WHAT YOU WILL DO: All the lines below should appear again unchanged, though their pictures should not.

SUPPLIED ENTRIES Start Marker

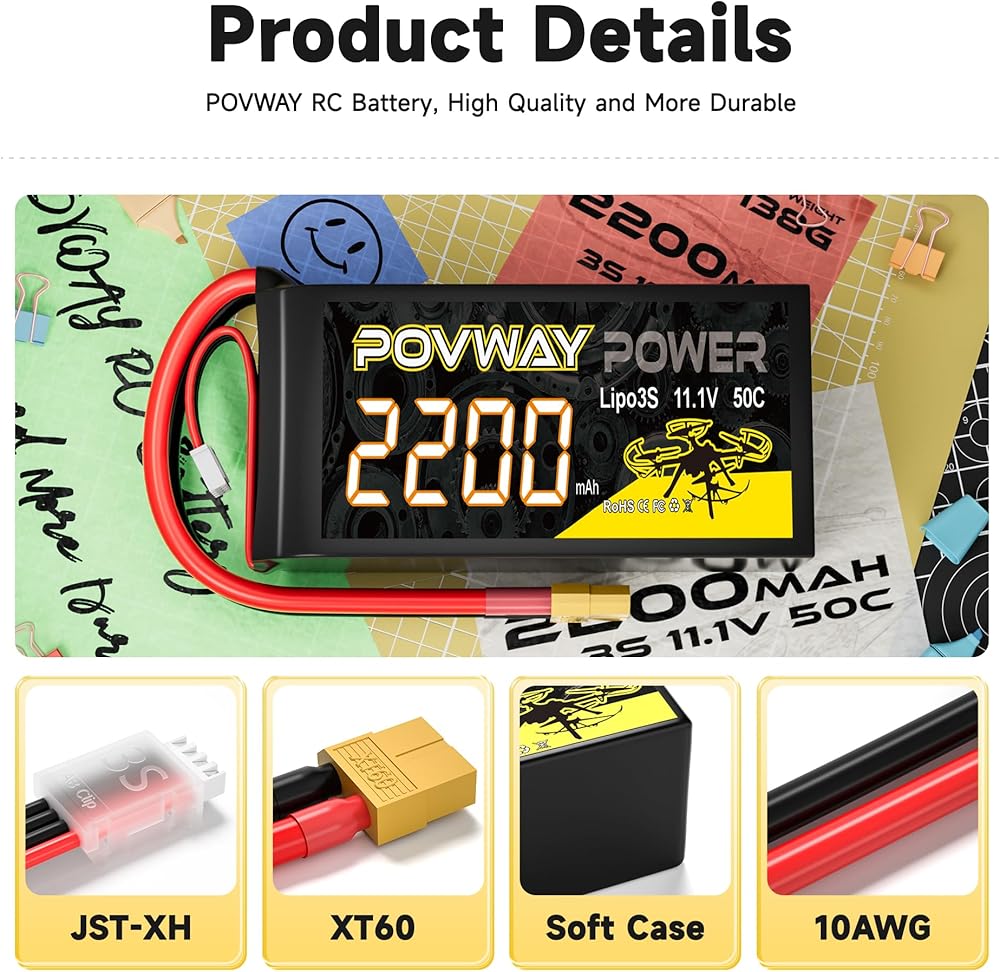 【What You Get】- 2 Pack of POVWAY 11.1V 50C 2200mAh Lipo Battery with XT60 Plug.
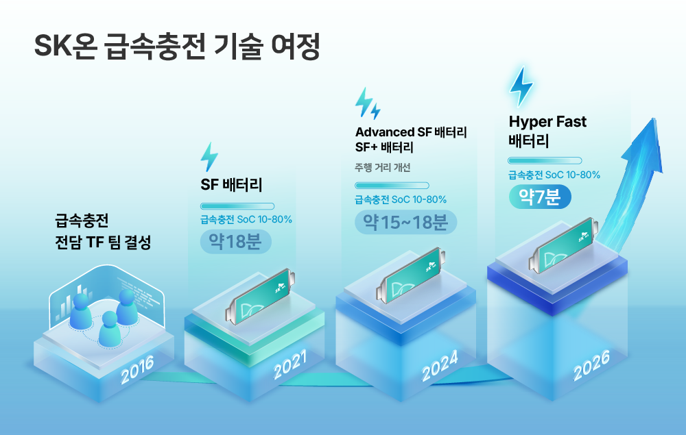 이러한 기술적 과제를 해결하기 위해 SK온은 2016년부터 전담 TF를 운영하며 급속충전 기술을 단계적으로 축적해 왔다. 2021년 선보인 ‘SF(Super Fast) 배터리’는 듀얼 레이어 코팅을 적용해 18분 급속충전을 구현했다. 해당 기술은 세계 최대 전자·IT 전시회인 CES 2023에서 국내 업계 최초로 ‘최고혁신상’을 수상했다. 이어 2024년에는 급속충전 시간을 15분으로 단축한 ‘SF+ 배터리’를 선보였다. 듀얼 레이어 구조에 고용량 실리콘과 저저항 흑연을 배치해 리튬이온의 이동 거리를 줄이고, 이동 속도는 높였다. 또한 같은 해, 자기 배향 공법*을 도입해 기존 SF 배터리 대비 에너지 밀도를 8% 향상시키면서도 급속충전 성능은 유지한 ‘Advanced SF 배터리’도 공개했다. 이러한 기술 진화를 바탕으로 SK온은 올해 3월 인터배터리 2026에서 배터리 충전 상태 10~80% 구간을 7분 이내에 충전하는 ‘Hyper Fast 배터리’ 기술을 제시했다.
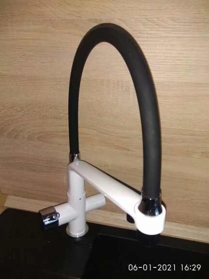 Очень быстрая доставка. Всего через 4 дня был у меня (Москва). Выглядит добротно, большой, тяжелый. Белый цвет крана-глянцевый( на фото кажется более матовым). Упакован хорошо. В работе уласться попробовать только через пару месяцев
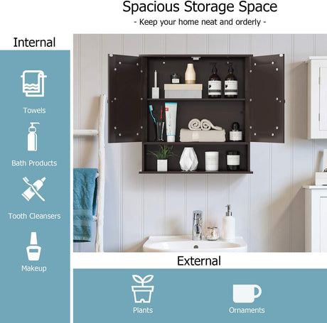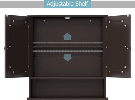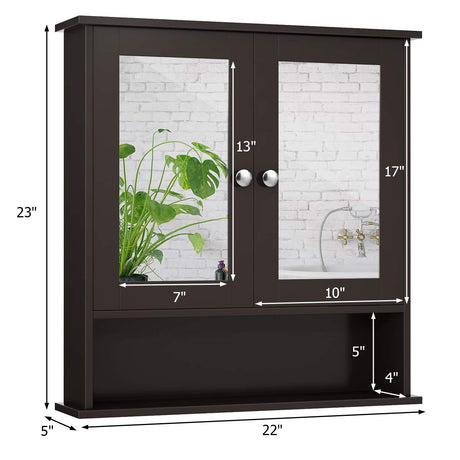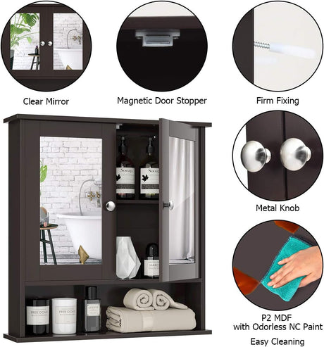 Bathroom Cabinet Wall Mounted with Double Mirror Doors, Wood Hanging Cabinet with Doors and Shelves,
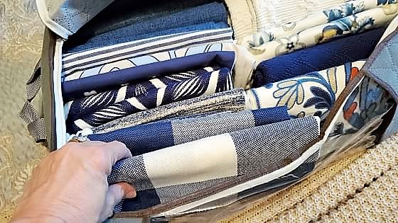 Now the organizing and purging begins. I organized my covers by color and seasons, placing them in their own group, folding and placing them neatly in the organizer.
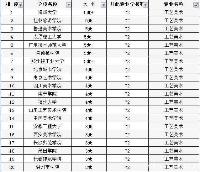 在工艺美术专业中只有清华大学美院获得了五星级+的评级,而五星级高校也只有桂林旅游学院与鲁迅美术学院位列其中,五星级-等级内有太原理工大学、广东技术师范大学、景德镇学院、郑州轻工业大学等4所高校。南京艺术学院、四川美术学院、山东工艺美院和中国美院只获得了四星级评分,西安美院进入三星级阵列。

SUPPLIED ENTRIES End Marker

ANSWER TO THE PROBLEM:
 【What You Get】- 2 Pack of POVWAY 11.1V 50C 2200mAh Lipo Battery with XT60 Plug.
 이러한 기술적 과제를 해결하기 위해 SK온은 2016년부터 전담 TF를 운영하며 급속충전 기술을 단계적으로 축적해 왔다. 2021년 선보인 ‘SF(Super Fast) 배터리’는 듀얼 레이어 코팅을 적용해 18분 급속충전을 구현했다. 해당 기술은 세계 최대 전자·IT 전시회인 CES 2023에서 국내 업계 최초로 ‘최고혁신상’을 수상했다. 이어 2024년에는 급속충전 시간을 15분으로 단축한 ‘SF+ 배터리’를 선보였다. 듀얼 레이어 구조에 고용량 실리콘과 저저항 흑연을 배치해 리튬이온의 이동 거리를 줄이고, 이동 속도는 높였다. 또한 같은 해, 자기 배향 공법*을 도입해 기존 SF 배터리 대비 에너지 밀도를 8% 향상시키면서도 급속충전 성능은 유지한 ‘Advanced SF 배터리’도 공개했다. 이러한 기술 진화를 바탕으로 SK온은 올해 3월 인터배터리 2026에서 배터리 충전 상태 10~80% 구간을 7분 이내에 충전하는 ‘Hyper Fast 배터리’ 기술을 제시했다.
 Очень быстрая доставка. Всего через 4 дня был у меня (Москва). Выглядит добротно, большой, тяжелый. Белый цвет крана-глянцевый( на фото кажется более матовым). Упакован хорошо. В работе уласться попробовать только через пару месяцев
 Bathroom Cabinet Wall Mounted with Double Mirror Doors, Wood Hanging Cabinet with Doors and Shelves,
 Now the organizing and purging begins. I organized my covers by color and seasons, placing them in their own group, folding and placing them neatly in the organizer.
 在工艺美术专业中只有清华大学美院获得了五星级+的评级,而五星级高校也只有桂林旅游学院与鲁迅美术学院位列其中,五星级-等级内有太原理工大学、广东技术师范大学、景德镇学院、郑州轻工业大学等4所高校。南京艺术学院、四川美术学院、山东工艺美院和中国美院只获得了四星级评分,西安美院进入三星级阵列。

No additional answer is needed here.